True, memory _sizes_ are increasing far faster than memory access 
_speed_, so solving problems by throwing memory at them can easily 
result in a reduction in efficiency. You are quite right that copying 
can add up greatly.


It would be interesting if at some point it was possible for the 
programmer to hint about memory trade-offs. For example, if you know 
that X and Y are going to be operated on element-wise and that they are 
both going to be large, then it could be useful to hint that you didn't 
want them to clash in cache access, perhaps even with some sort of 
specification of the pattern of co-access that will be most common.

With the 32 bit version memory is allocated where there is a fit for it, 
possibly even with a "first fit" algorithm rather than block-allocator 
(otherwise fragmentation wouldn't be as much of a problem), with there 
being no mechanism that I have been able to discern to avoid cache 
conflicts.

This kind of hinting could get a bit syntactically difficult, though, 
considering the pervasive automatic allocation of memory for variables, 
coupled with the semantics that when a variable is assigned to its 
previous properties are overwritten (with an odd exception having to do 
with the symbolic toolbox and "assumptions").
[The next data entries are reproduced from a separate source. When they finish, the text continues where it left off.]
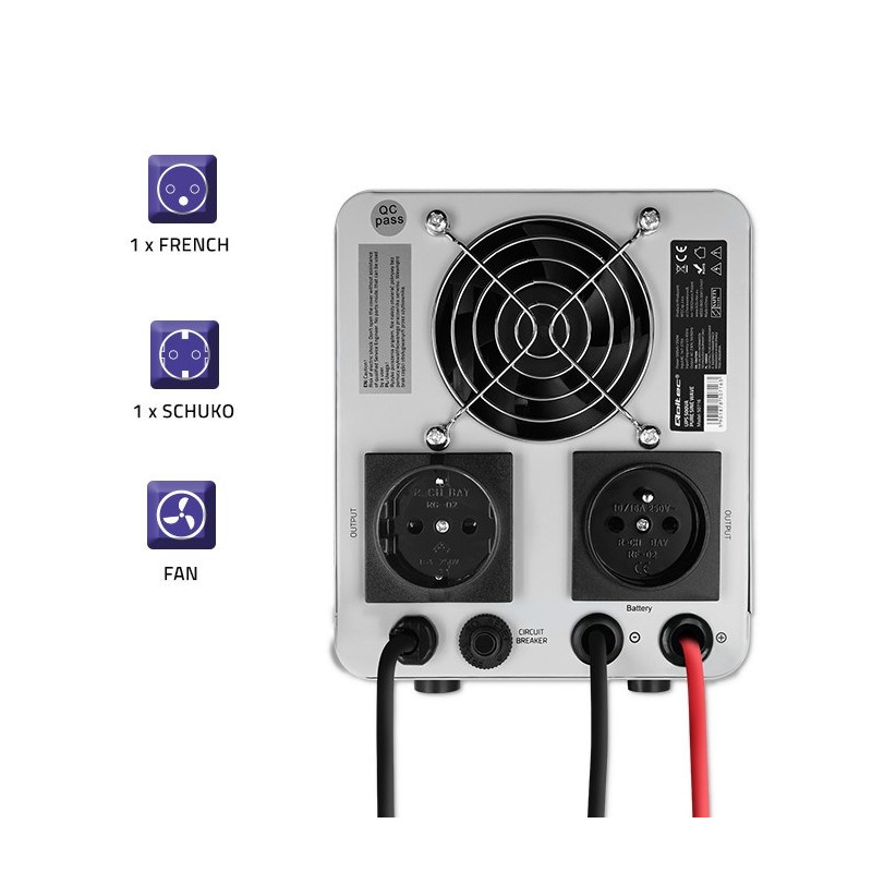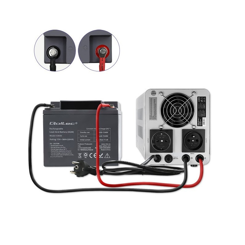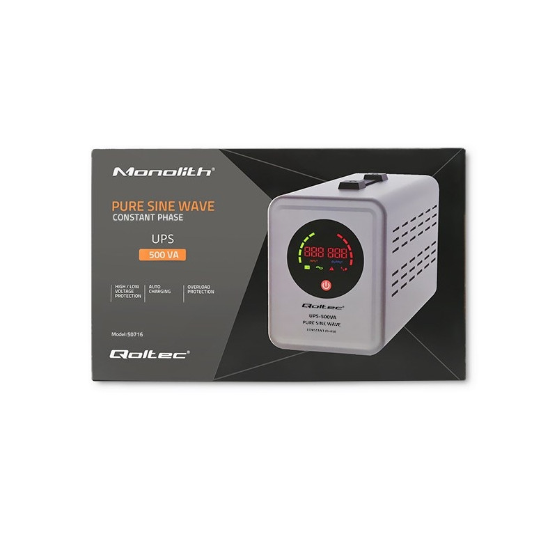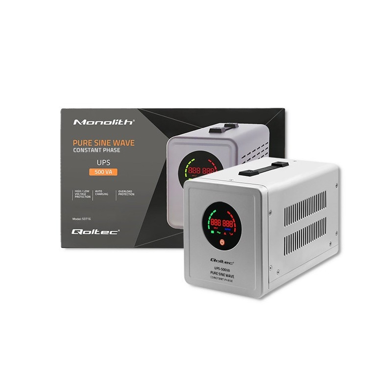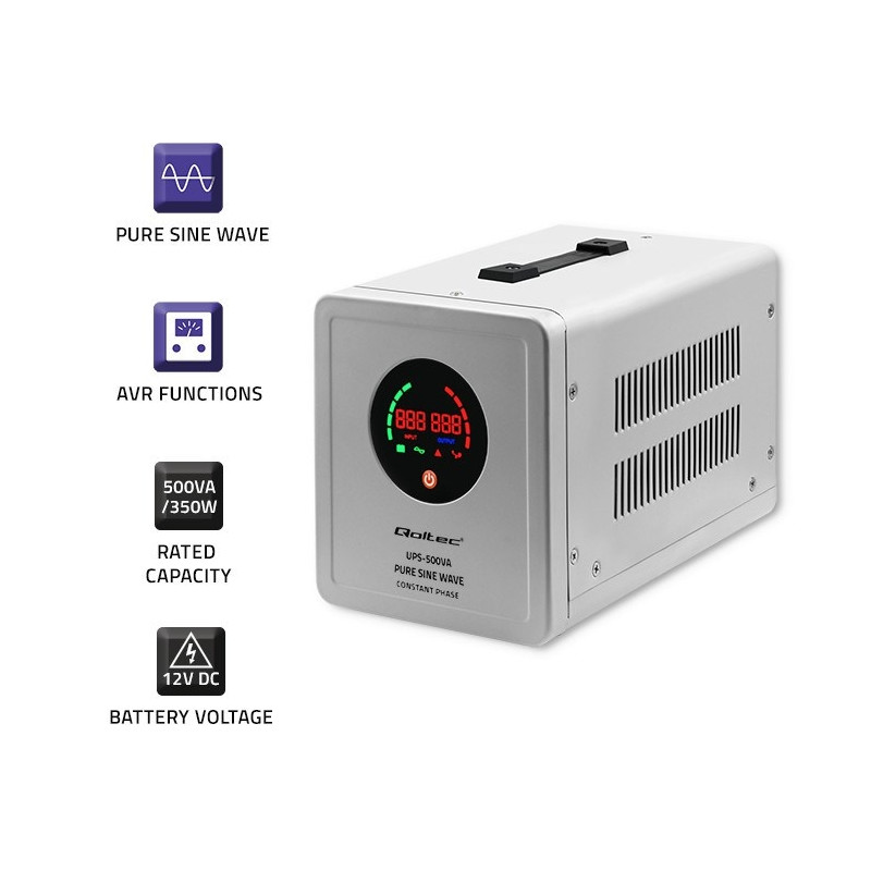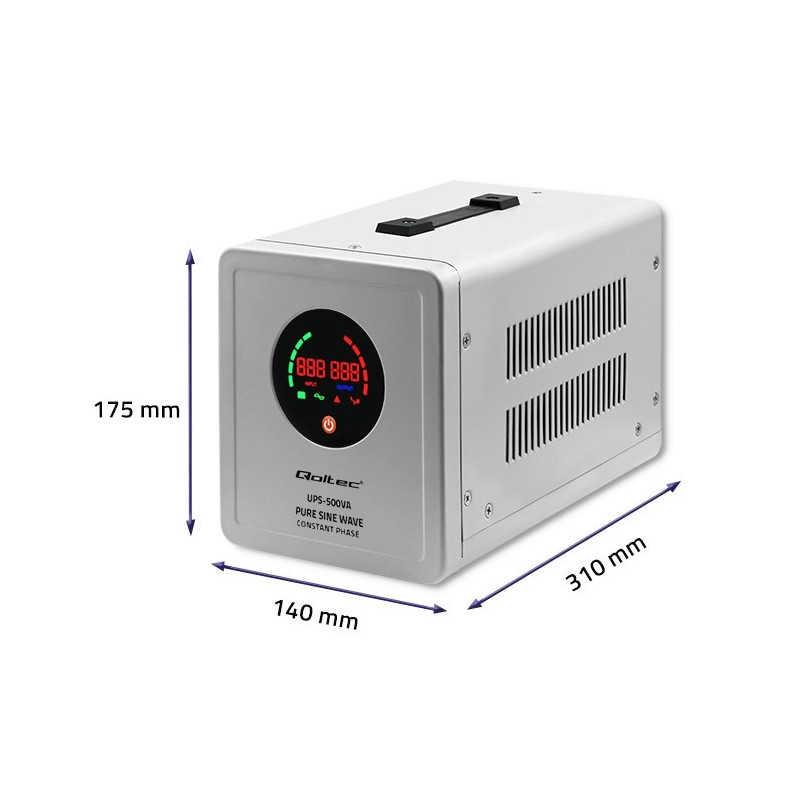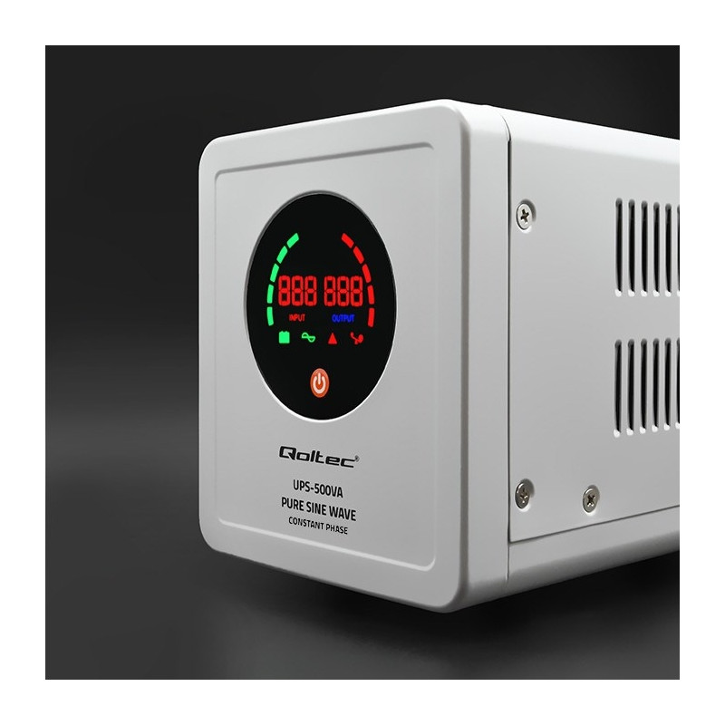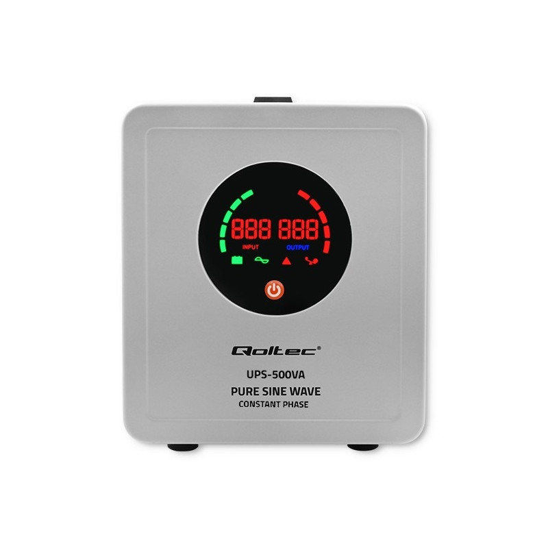 Qoltec 50716 Uninterruptible power supply Pure Sine Wave UPS | 500VA | 350W | constant phase | Grey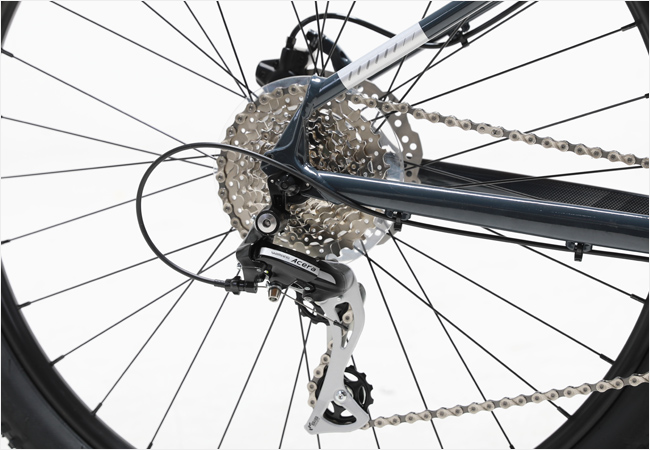 2x8단의 기어로 구성된 시마노 변속시스템은 다양한 환경에 안정감있는 시프팅 성능을 발휘하며 텍트로 유압디스크 브레이크는 더욱 견고한 제동성능을 제공합니다.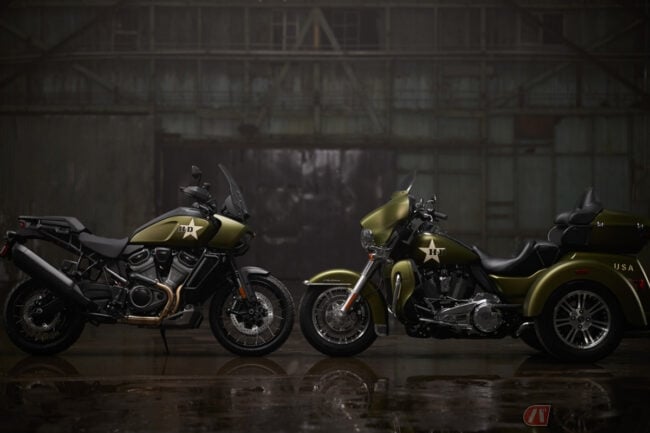 2022.06.26ハーレーダビッドソンは、Pan America 1250 Special(パン・アメリカ1250スペシャル)とTri Glide Ultra(トライグライド・ウルトラ)をベースにした特別仕様車「G.I. Enthusiast Collection」を発表しました。同モデルでは軍用として用いられていた車両「WLA」をモチーフにしたカラーリングが採用されています。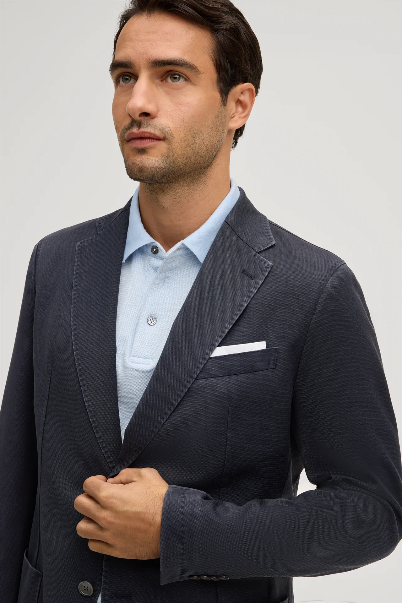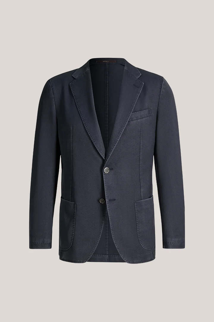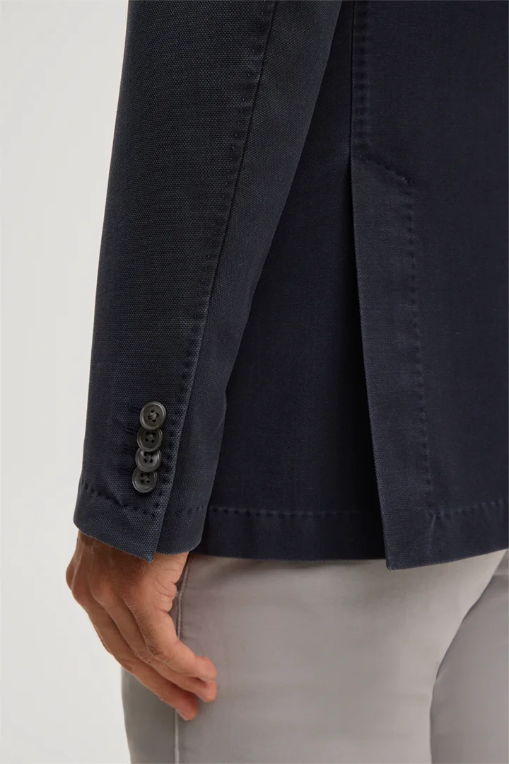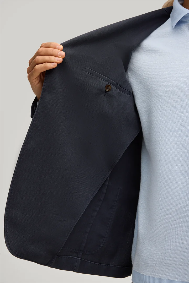 Made from pure virgin wool in a frosted wool quality, the Manolo jacket is a versatile essential for sophisticated looks. Patch pockets and double back vents point out its casual character, while the lapel collar and elegant AMF-stitching define traditional tailoring. The jacket fastens with two buttons.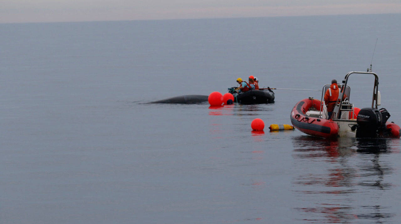 The entangled whale off the tip of the Olympic Peninsula was first reported just before noon last Thursday by Todd’s Extreme Fishing, which stayed with the whale to monitor its location until the Makah Tribe and U.S. Coast Guard arrived to take over the watch.

It seems to me that for any sufficiently large variable that is being 
selectively overwritten, that it could potentially be worth-while to 
create a "shadow" array that indicates which parts of the array have 
changed and the associated new values; when the array was being read 
from, the shadow would be consulted first to determine whether the 
indices had been touched, and if so the data would be read out of the 
shadow, with untouched data read out of the original array. After some 
fraction of the original array had been shadowed, it would become 
worthwhile to rewrite the entire array, but before that point, the 
access to the shadowing information would (by design) be less expensive 
than copying the entire array. Of course, in-place operations on a 
non-shared array would not bother to create a shadow: this kind of 
optimization would be used to save some DMA during operations that would 
otherwise require copy-on-write to break sharing.

This kind of internal semantics would, though, require some kind of flag 
to be associated with compiled functions as to whether they knew about 
the new style of arrays or instead needed the shadow to be resolved, for 
backwards compatibility. The functionality would not come for free -- 
but if it saves copying a gigabyte around to alter a kilobyte or 100, 
then it could potentially be worth-while.